__WHAT THIS TASK INVOLVES__: In the entries below, find each line with the word "operation" and pull it out.

(Stored data entries)
******************************

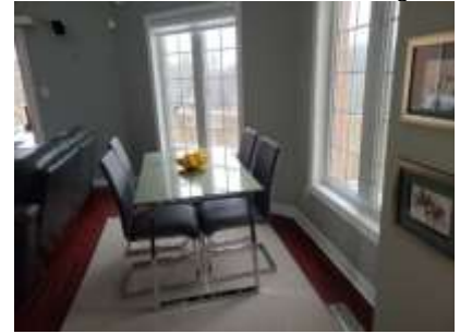
Pic. 18: Eating area
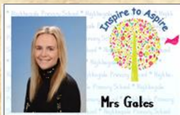
Early Years Leader Woodpecker Teacher (Mon-Wed)
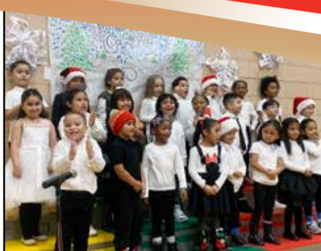
Columbus Avenue School
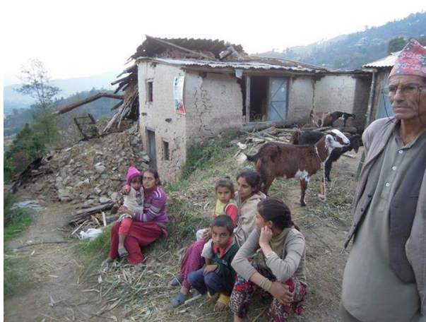
Damaged house in Sindhupalchok

The climate protection project after the earthquake
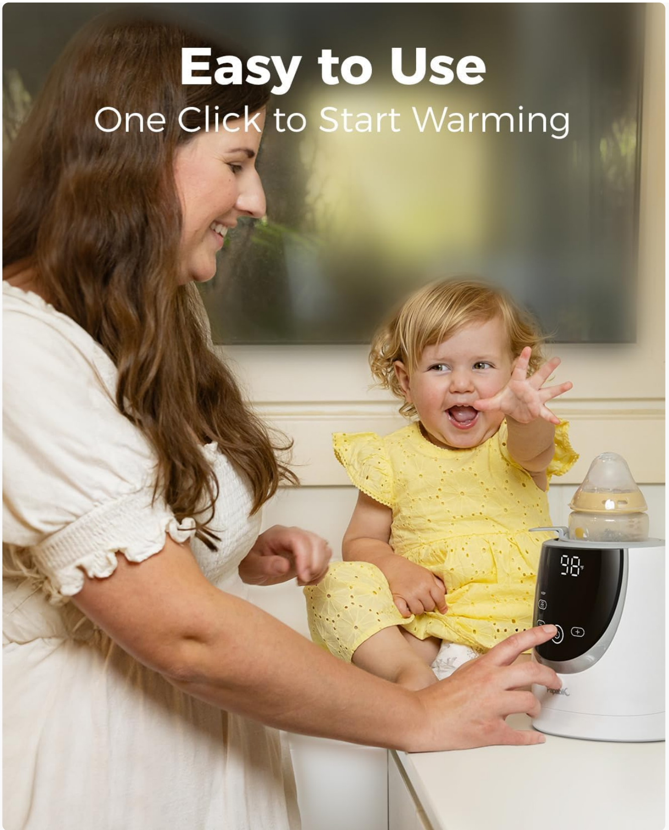
Image: The bottle warmer in use, demonstrating its user-friendly design.
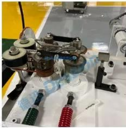
Bag sealing device
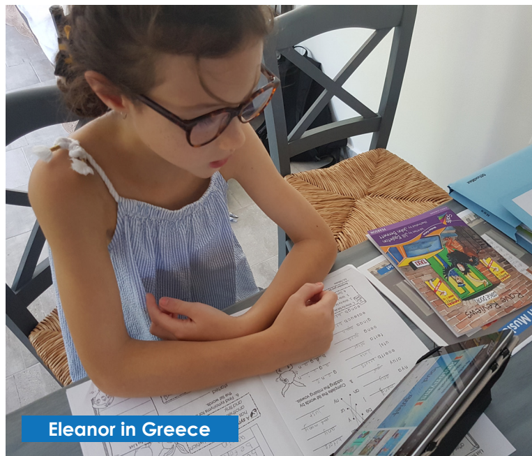
Eleanor in Greece

Payment can be made by Credit Card (Visa or MasterCard only) or Parent Online Payment.
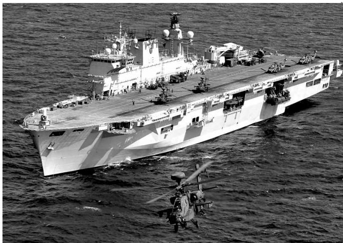
The RN Multipurpose LPH HMS OCEAN with British Army Apache attack helicopters embarked. With ARK ROYAL and all the Harriers decommissioned the only thing the RN had to 'throw against Libya' during this year's operation was the Army's helicopters.

So from the Libyan operation and the year of the carrier the ADF needs to have the difficult discussion with itself about other capability options for fixed-wing air support when out of RAAF range. Or stay at home. ■
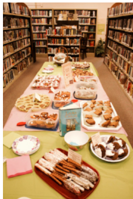
A wide selection of desserts and appetizers
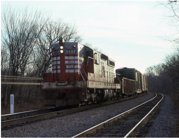
Still wearing CB&Q Chinese Red, a BN SD9 is at Warner, IL, a siding on the BN (ex-CB&Q) line between Galesburg and Savanah, Illinois

A “Toucan” is an exotic tropical bird of vivid plumage with a colorful beak. At least, that’s how I would define “Toucan”. What does that have to do with trains, you might ask. To me, there were some railroads that had colorful paint scheme’s but that just lacked that certain “something” that would have made them truly “colorful”. The UP for instance, had the good sense to stick with a great color scheme (to this day, I might add) but, to me, was just “UP”. The Santa Fe, on the other hand, had the panache to go with a great paint scheme. I could cite other examples.

******************************

__REPLY TO THE EXERCISE__:
The RN Multipurpose LPH HMS OCEAN with British Army Apache attack helicopters embarked. With ARK ROYAL and all the Harriers decommissioned the only thing the RN had to 'throw against Libya' during this year's operation was the Army's helicopters.
So from the Libyan operation and the year of the carrier the ADF needs to have the difficult discussion with itself about other capability options for fixed-wing air support when out of RAAF range. Or stay at home. ■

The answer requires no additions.